The evolution of nasal immune systems in vertebrates

Ali Sepahi  1 Irene Salinas  2
Affiliations
Review

The evolution of nasal immune systems in vertebrates

Ali Sepahi et al. Mol Immunol. 2016 Jan.

Abstract

The olfactory organs of vertebrates are not only extraordinary chemosensory organs but also a powerful defense system against infection. Nasopharynx-associated lymphoid tissue (NALT) has been traditionally considered as the first line of defense against inhaled antigens in birds and mammals. Novel work in early vertebrates such as teleost fish has expanded our view of nasal immune systems, now recognized to fight both water-borne and air-borne pathogens reaching the olfactory epithelium.
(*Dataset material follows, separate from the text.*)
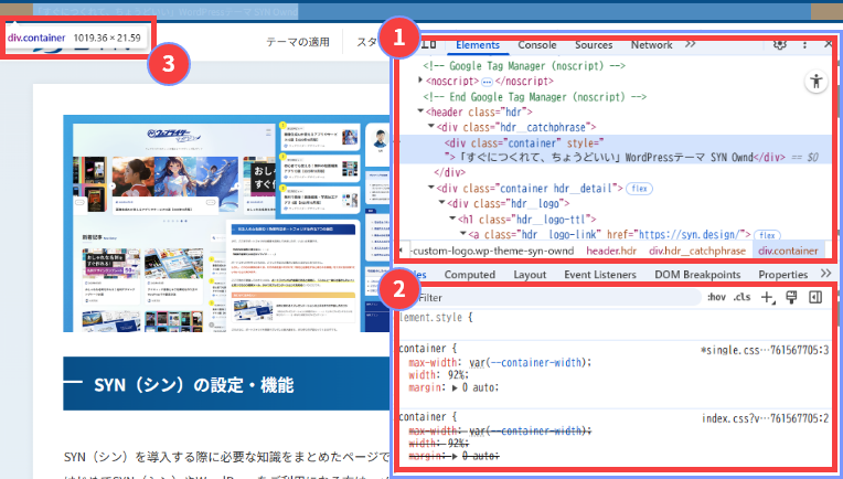 この機能を使うと、CSSのどの箇所を編集すればよいか、また編集した際にどのように表示が変化するかをリアルタイムで確認できるため、カスタマイズ作業が格段に効率的になります。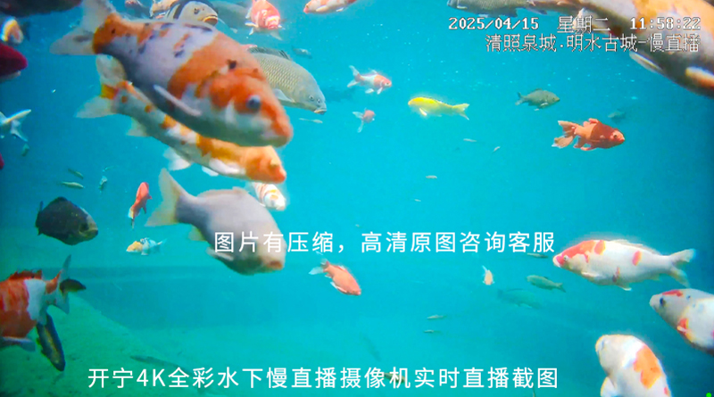 “墨泉下的锦鲤正在群游,想近距离观赏的朋友,从古城南门进入左转50米即达”——明水古城的官方直播间里,没有喧闹解说,只有水下镜头传来的实时画面:锦鲤在光影中穿梭,尾鳍拨动水流。开宁4K黑光臻全彩水下慢直播摄像机,让明水古城的“水下风景”成了新晋网红地标。

Like other mucosa-associated lymphoid tissues (MALT), NALT of birds and mammals is composed of organized lymphoid tissue (O-NALT) (i.e., tonsils) as well as a diffuse network of immune cells, known as diffuse NALT (D-NALT). In teleosts, only D-NALT is present and shares most of the canonical features of other teleost MALT. This review focuses on the evolution of NALT in vertebrates with an emphasis on the most recent findings in teleosts and lungfish. Whereas teleost are currently the most ancient group where NALT has been found, lungfish appear to be the earliest group to have evolved primitive O-NALT structures.

Keywords: Evolution; Mucosal immunity; NALT; Nasal immunity; Teleost fish; Vertebrates.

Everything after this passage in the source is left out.